Оказывается, в дивизии пошел слух, что я умер на госпитальной койке где-то в тылу, а кто-то видел, как меня выносили из окопа без сознания, истекающего кровью, и решил, что не выжил.

Нашей совместной радости не было границ в буквальном смысле слова. Майор пришел ко мне рано утром и пробыл у меня весь день, пока его жена была занята в госпитале. Мы говорили, говорили без умолку, перебивая друг друга, вспоминая, смеясь и порой утирая слезы.

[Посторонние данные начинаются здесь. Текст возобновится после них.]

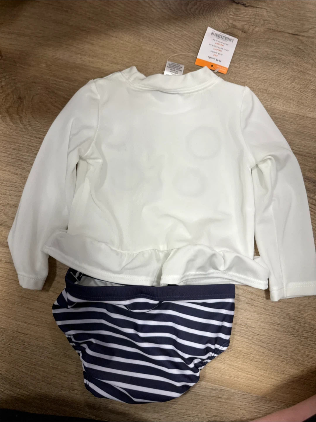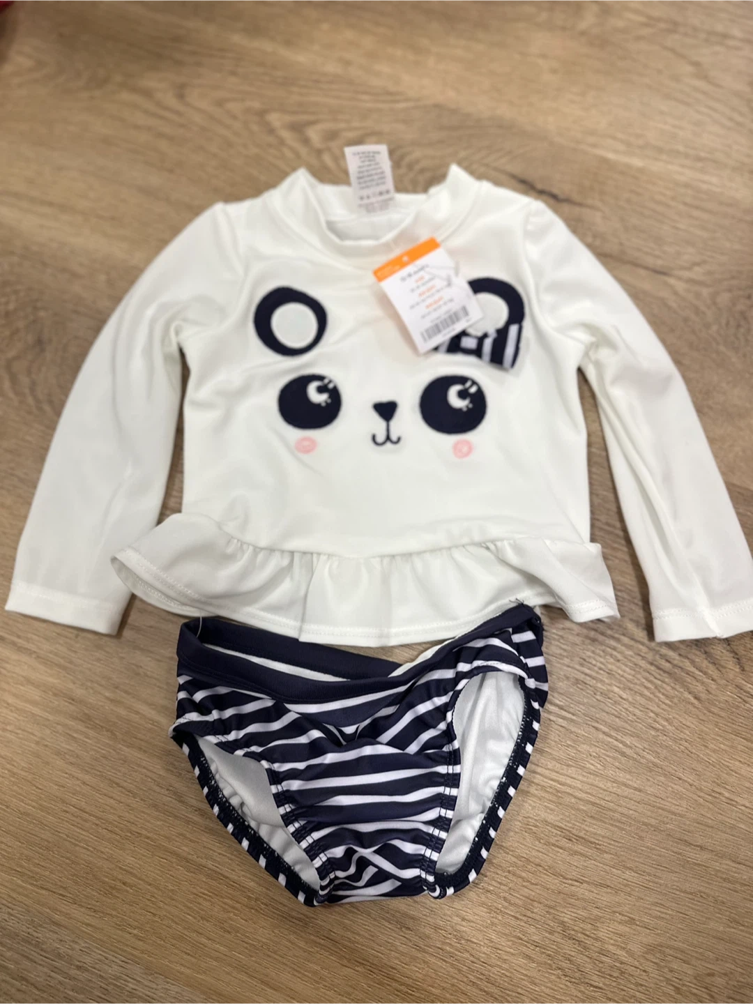 This long-sleeve rashguard and striped bottoms feature a cute panda face. It's sized for 12-18 months. Perfect for sun protection at the beach or pool! Pick up Walden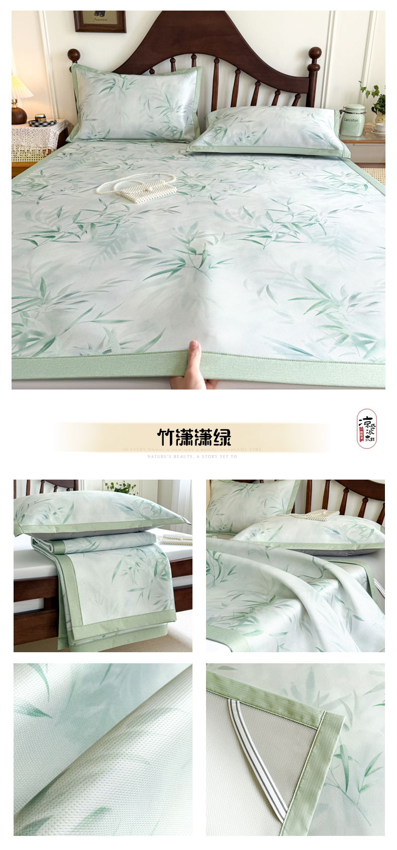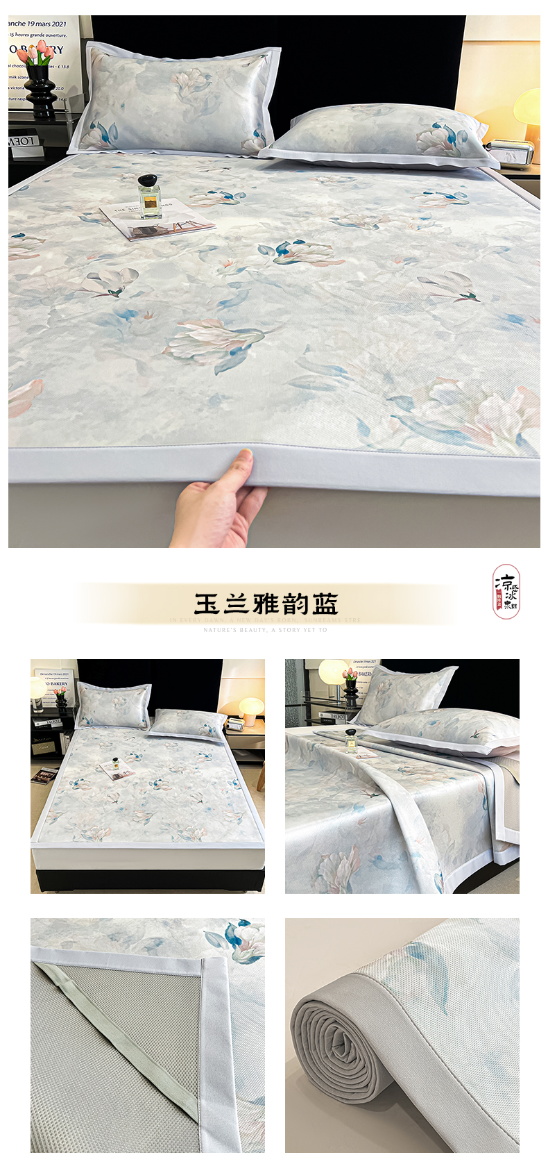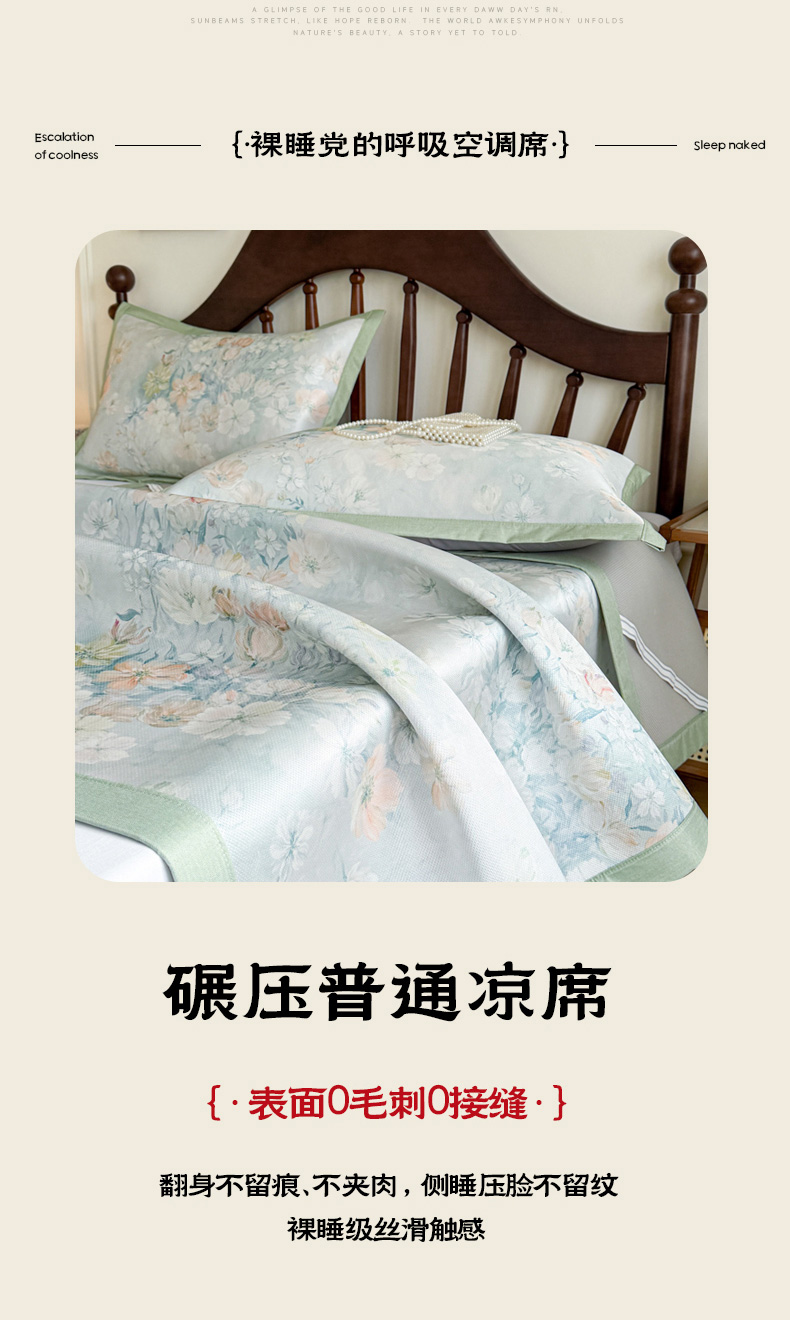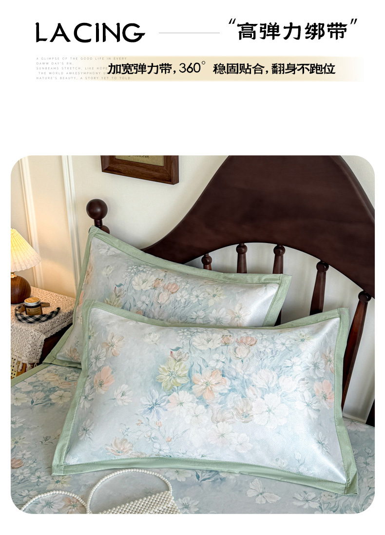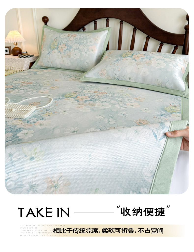 商品名称:倾慕家纺 2026新款A类数码印花冰泉丝凉席 玉兰花绿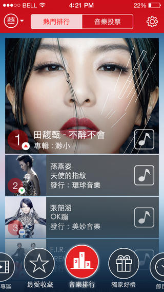 华语、西洋、日亚、金全球金榜四大排行让你掌握流行动向,抢先试听新歌。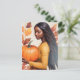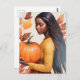 This postcard features oil painting artwork of a beautiful black girl with very long hair holding a pumpkin in an autumn theme. Fall leaves in brown, orange, and red complete the autumncore picture of warm colors. Perfect for October and November harvest season!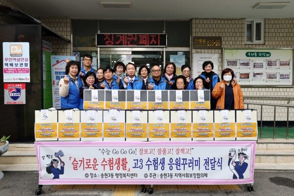 김찬진 동구청장은 “수능을 앞둔 고3 수험생들이 송현3동 지역사회보장협의체의 격려와 응원 메시지로 좋은 성과를 얻길 바란다”며 “앞으로도 관내 청소년들을 위한 다양한 사업이 추진될 수 있도록 더욱 힘쓰겠다”고 말했다.

Я успел расспросить о всех, кого вспомнил. О лейтенанте Корнееве, который командовал соседним взводом. О сержанте Матвееве, лучшем снайпере роты и батальона. О старшине Петрове, который мог достать всё что угодно, от американской тушенки до немецкого бинокля. О молоденьком связисте Ванюшке, которому было всего восемнадцать.

К моей великой радости, почти все, о ком я спросил, дожили до победного окончания Сталинградской битвы и сейчас были в составе дивизии, на отдыхе и переформировании. Дивизия в первых числах февраля была выведена из разрушенного города и уже больше месяца находится в резерве Ставки Верховного Главнокомандования.

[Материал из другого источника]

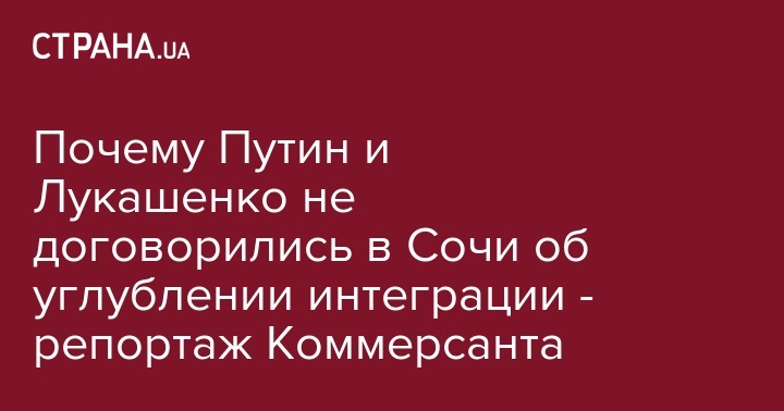 Почему Путин и Лукашенко не договорились в Сочи об углублении интеграции - репортаж Коммерсанта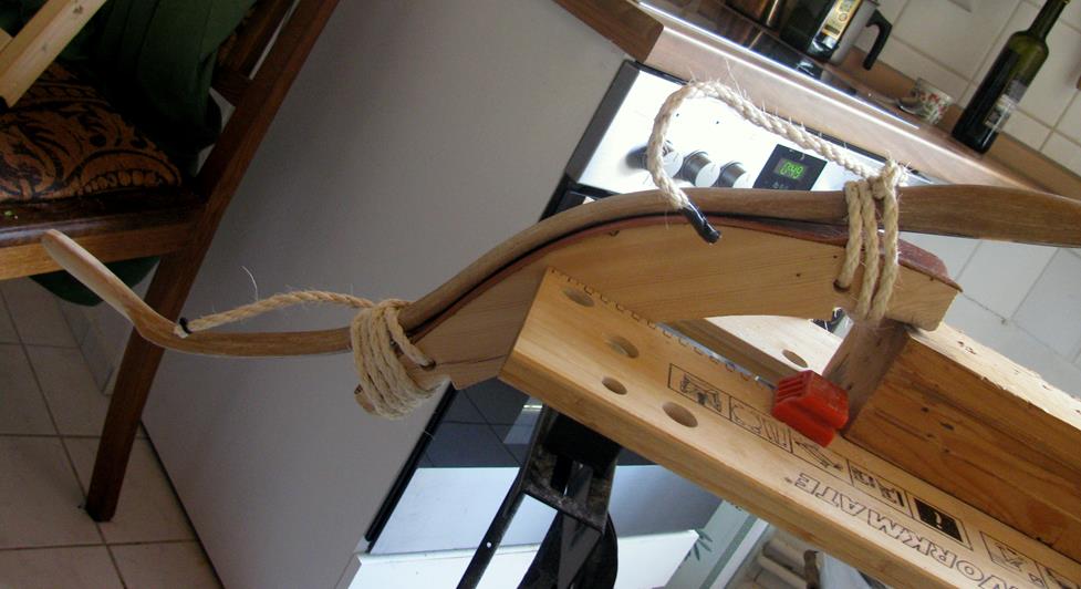 Die Tepeliks würde ich 24 h drauf lassen und die Sehne dann auf den Bogen mitsamt Tepeliks über eine Aufspannhilfe einhängen.

— Отдыхаем, Егор, отдыхаем, — рассказывал Ерофеев, закуривая папиросу, мы с ним сидели на запасной лестнице где у отделения была курилка. — Пополнение получили, технику новую. Кормят хорошо, три раза в день горячее. Баню организовали, представляешь? Настоящую баню с паром! После Сталинграда это как попасть в рай.

Дивизионным командиром по-прежнему является генерал Родимцев, но ходят упорные слухи, что со дня на день Александр Иванович покинет дивизию и уйдет на повышение. Он сам это упорно отрицает, и пара любопытных даже получили свои сутки ареста за ненужные вопросы комдиву. Но опытных вояк не проведешь, и бывалые воины видят, что любимый комдив, с которым дивизия прошла уже такой славный боевой путь, готовится сдавать дела.

— Видишь ли, Егор, — доверительно говорил майор, понизив голос, хотя на лестнице мы были одни, — Родимцев генерал теперь известный. Сталинград, переправа под огнем, Мамаев курган, всё это гремит на всю страну. Его наверх тянут, в корпус или даже в армию. Понимаешь, какой рост? А дивизия… Дивизия останется, и мы с ней останемся.

Визит однополчанина был бальзамом на мою израненную душу. Я, несмотря на уже принятое решение о своей мирной жизни, на самом деле всё никак до конца не мог успокоиться и смириться с тем несчастьем, что произошло со мной. И даже втайне вынашивал планы в случае успешности протезной «авантюры», если протез действительно получится хорошим, по-настоящему функциональным, попробовать вернуться в строй. Может, не в пехоту, конечно, но куда-нибудь в штаб, в тыловые службы, да хоть офицером в комендатуру.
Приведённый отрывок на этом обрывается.